Potentia superna generatione monstrat se per actualitatem et in actualitate.

Заимствуя у Аристотеля ось h dunami ς – h energeia («возможность – действительность»), Плотин реализует её в сфере своих горних метафизических построений; и, обобщая, следует сказать: порождение Абсолютом своих следствий есть переход возможного в действительное, иными словами, потенциального в актуальное, которое у Плотина неразрывно связано со множественным, многим и иным. Единая трансцендентная Сила – абсолютно возможное. Абсолютно возможное трансцендентно. Проявляя себя в своих порождениях, трансцендентная Сила актуализирует свою трансцендентную возможность. Таким образом, явленность запредельного всему Абсолюта – это актуализация его возможности, потенции, и (что то же самое) актуализация его трансцендентной силы.

Конечно, такое «заимствование» у Аристотеля – смелая модернизации его учения, но факт остаётся фактом: порождение «порождающим» иного понимается Плотином в русле аристотелевской концепции перехода возможности в действительность*5.

Определив высочайшее как «порождающее» (to gennwn), Плотин на этом не останавливается и идёт дальше: прочертив ось «высочайшее – его порождения», греческий мыслитель проливает свет на тайну того, почему порождающее порождает. Согласно Плотину, высочайшее, «порождающее», – это нечто ouk anecomenon ef eautou menein all eteron poioun («не выносящее пребывания в самом себе и творящее иное»)*6. Оказывается, что Абсолют (Единое, Первое, Благо, Первая Сила, Порождающее) не выносит пребывания в самом себе. Почему? Почему единый и всему запредельный Абсолют не может сохранить своё абсолютное, безотносительное единство и «творит иное»? Конечно, творя иное, Абсолют устремляется тем самым к себе противоположному – ко множеству, а множество, как вытекает из философской аксиоматики «Эннеад», несовершенно, ущербно и несамодостаточно. Что касается первого порождения и (или) творения, берущего (берущих) начало в высочайшем, то, принимая во внимание всё метафизическое здание «Эннеад», следует признать: первым порождением и (или) творением порождающего являются числа. Числа порождены и (или) сотворены Абсолютом, они – бестелесны и выступают некими прообразами для сущих. Но сейчас нас интересует не это: вернёмся к исходному утверждению Плотина и постараемся его осмыслить, опираясь на все трактаты, образующие «Эннеады».

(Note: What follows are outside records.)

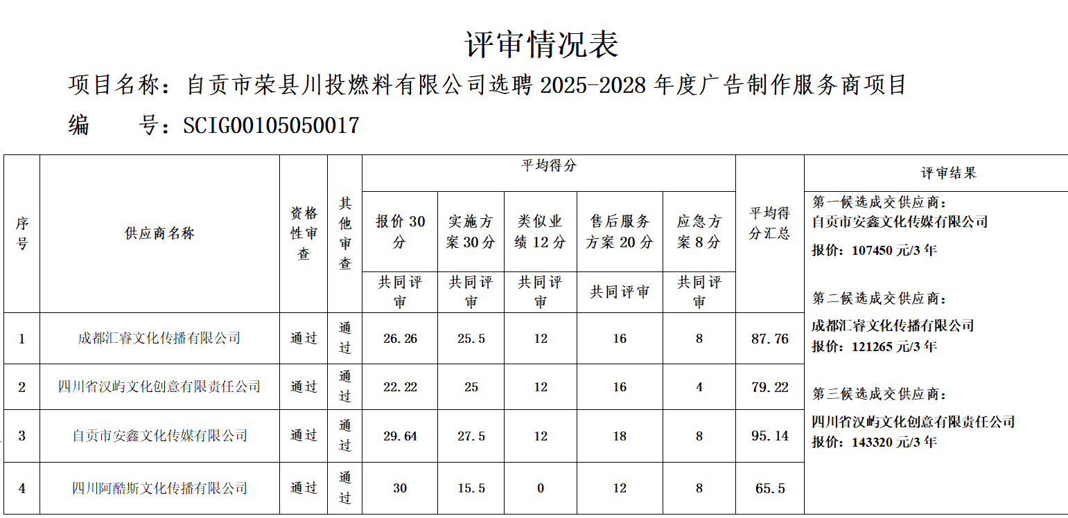 自贡市荣县川投燃料有限公司选聘2025-2028年度广告制作服务商项目按照程序于2025年5月13日10时00分进行了竞争性磋商,采购人通过评审小组推荐的成交候选人,现将结果公示如下: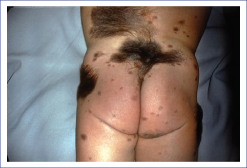 Los NMCG pueden afectar cualquier área anatómica, incluyendo la piel cabelluda. La localización más frecuente es el tronco (47%), seguido de las extremidades (30%) y la cabeza (22%). Las lesiones pueden ser únicas o, más frecuentemente, múltiples. Hasta el 78% de los pacientes presentan lesiones satelitales (NMC pequeños), que cuando son numerosos (por lo general más de 20), aumentan el riesgo de melanoma o melanosis neurocutánea (MNC)2,6,10,13.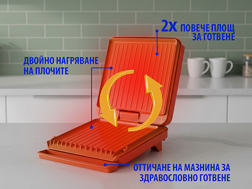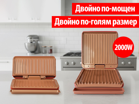 Запази вкуса и намали мазнините за цялото семейство- ДВОЙНО по- мощен и ДВОЙНО по- голям грил!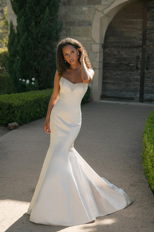 This sleek satin fit-and-flare gown combines sculpted simplicity with hand-beaded artistry that reflects Allure Bridals’ signature craftsmanship. The strapless cat-eye neckline is adorned with intricate beadwork that continues across the back—an unmistakable nod to the brand’s classic beading, renowned for its quality and unmatched detail. Designed with a natural waist and clean, tailored lines, this gown captures modern refinement with a touch of timeless Allure glamour.
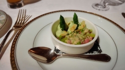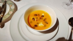 40年続いてるお店で、先月から息子さんの代になりメニューや料金を一新したそうです。ディナーで初めて伺いました。Aコース¥9400(サービス料10%別)を予約しました。皆さんの口コミの通り、目で楽しむお皿がありました。そして3種のプチシュー、アスパラのムース・フォアグラソース、ホタテのポワレ・花ズッキーニの魚の詰め物、かぼちゃの温かいスープ・那須高原のモッツァレラチーズ添え、鯛の魚料理、口直しはヘベスといってかぼすと柚子の間って感じでさっぱりでした。メインは足利マール牛のバラの花びら、コンソメスープ仕立てと羊のローズマリー燻製を選びました。全て見た目が華やかで食べていて楽しめました。もっとすごいのがデザートです。ワゴン2台にケーキやコンポート、ジェラートがのっていて好きなのをどうぞと。迷ってしまったので全てを少しずつ分けてもらいました。12種類もあって一気にお腹がいっぱいになりました。他にもオレンジピールとマシュマロや、お土産にとオレンジのパウンドケーキもいただきました。とても満足しました。 (訪問:2024/09/23)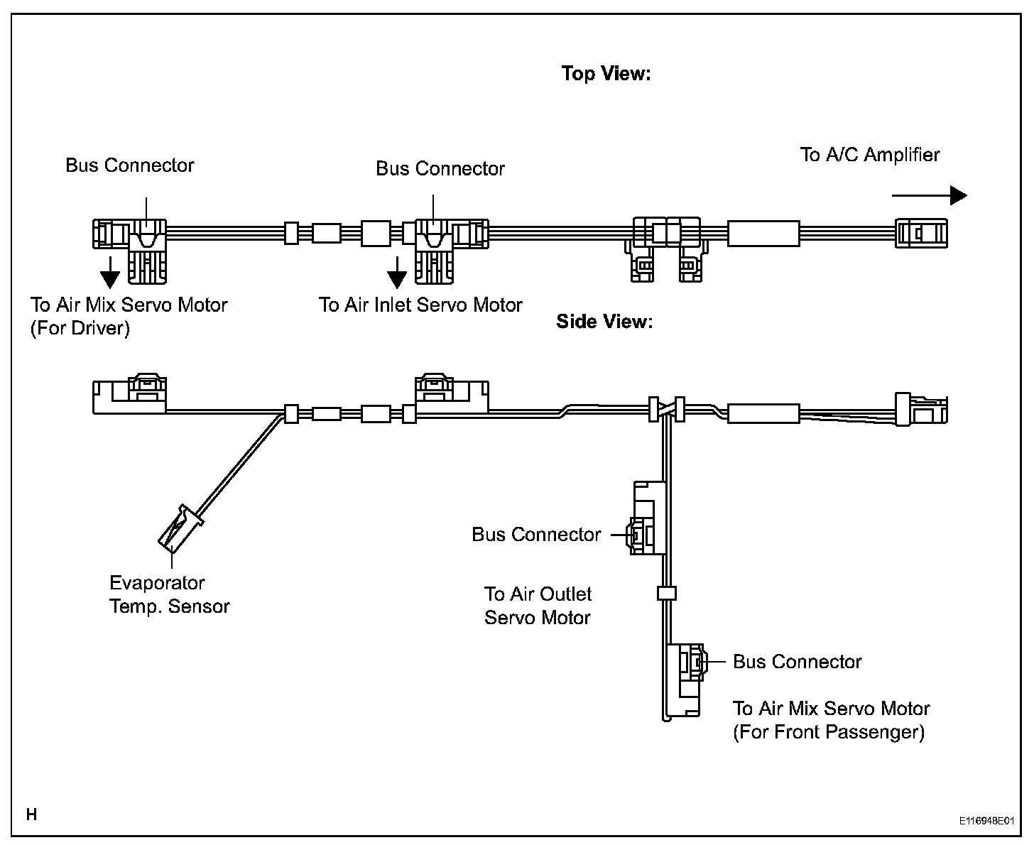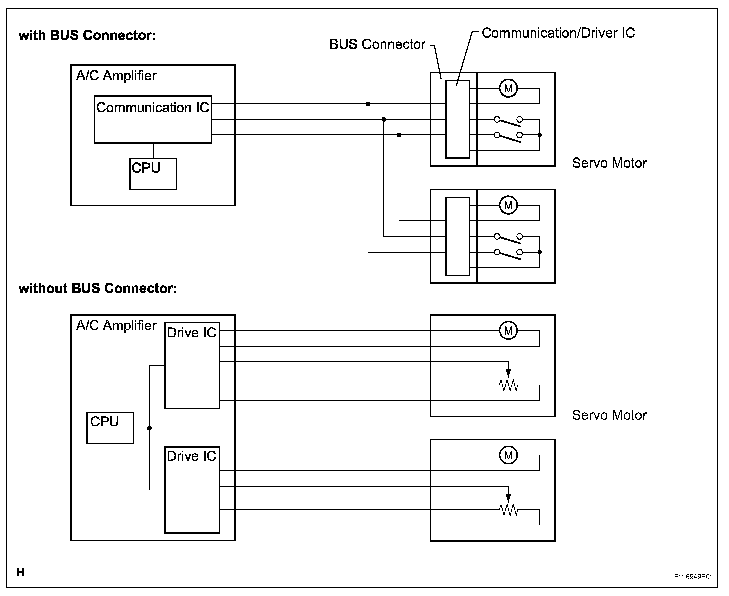 a. A BUS connector is used in the wire harness connection that connects the servo motor from the A/C amplifier.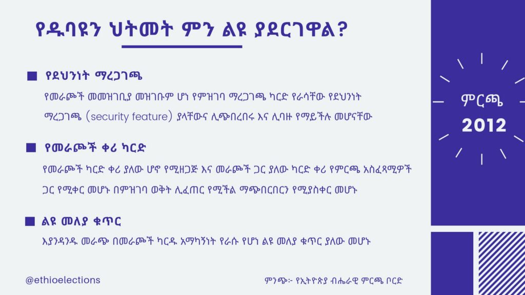 ምርጫ ቦርድ የዱባዩ ህትመት የመራጮች ምዝገባን ዘመናዊ እና ተዓማኒ እንደሚያደርግ ጠቁሟል። ህትመቱ የምርጫው ሂደት አለም አቀፍ ደረጃን የጠበቀ እና አዲሱ የምርጫ ህግ ላይ የተቀመጡትን መስፈርቶች ያሟላ እንዲሆን የሚያስችል ነውም ተብሏል። ከዚህ በተጨማሪም ሊፈጠሩ የሚችሉ ስህተቶችን ለመቀነስና እና ማጭበርበርን ለማስወገድ እንደሚረዳ ተገልጿል።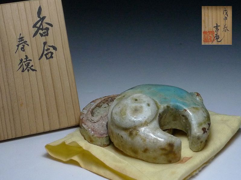 60MK156★戊申春 吉庵造・春猿 香合・共箱 共布付き・干支・茶道具・伝統工芸・古美術 收藏

Почему «порождающее» не выносит пребывания в себе? Ответ на поверхности: потому что «высочайшее» благостно и переполнено творческой энергией. В том, что высочайшее благостно и само есть высшее Благо, ярче и убедительнее всего сказано в трактате 1.6; о том же, что творческая энергия высочайшего неисчерпаема, свидетельствует трактат 6.8*7, в котором прямо говорится об «избытке силы» (h uperbolh th ς dunamew ς) Единого. Суммируя, мы должны сказать: причины творения-порождения заключены в самой сути Единого: Единое – идеал Добра и Высшая Сила. Абсолютное же добро проявляет себя через действие. Сама суть высшего Блага заключается в действовании, то есть в благо творении – творении добра. Единое, понимаемое как to agaqon («благо»), изначально нацелено и ориентировано на действие. Статичного, замкнутого в себе, пассивного – и потому «омертвелого» – добра не бывает. Вот почему каузальная трактовка, исходящая из идеи того, что высочайшее – это summum bonum, невозможна без признания и другой идеи – идеи того, что высочайшее – это не просто начало всех причинных цепей, но что, являясь истоком всего, Начало открывает в своих следствиях свою благость, свою доброту.

Абсолютное Благо в силу своей благости не может не творить, не может не порождать, – в таком творении и в таком порождении, бесспорно, заключена высшая нравственная необходимость, necessitas benignitatis. Такого рода необходимость не нужно смешивать с необходимостью механической, тем более материальной, и сия нравственная необходимость не имеет ничего общего cum necessitate fatalitatis. Именно в этом смысле Плотин говорит о «необходимости» того, что после Первого… Конечно, было бы преувеличением утверждать о том, что Единое побуждаемо или было побуждаемо к творчеству и порождению какими-то внешними силами, – нет, Единое творит и порождает, «повинуясь» своей собственной сущности*8.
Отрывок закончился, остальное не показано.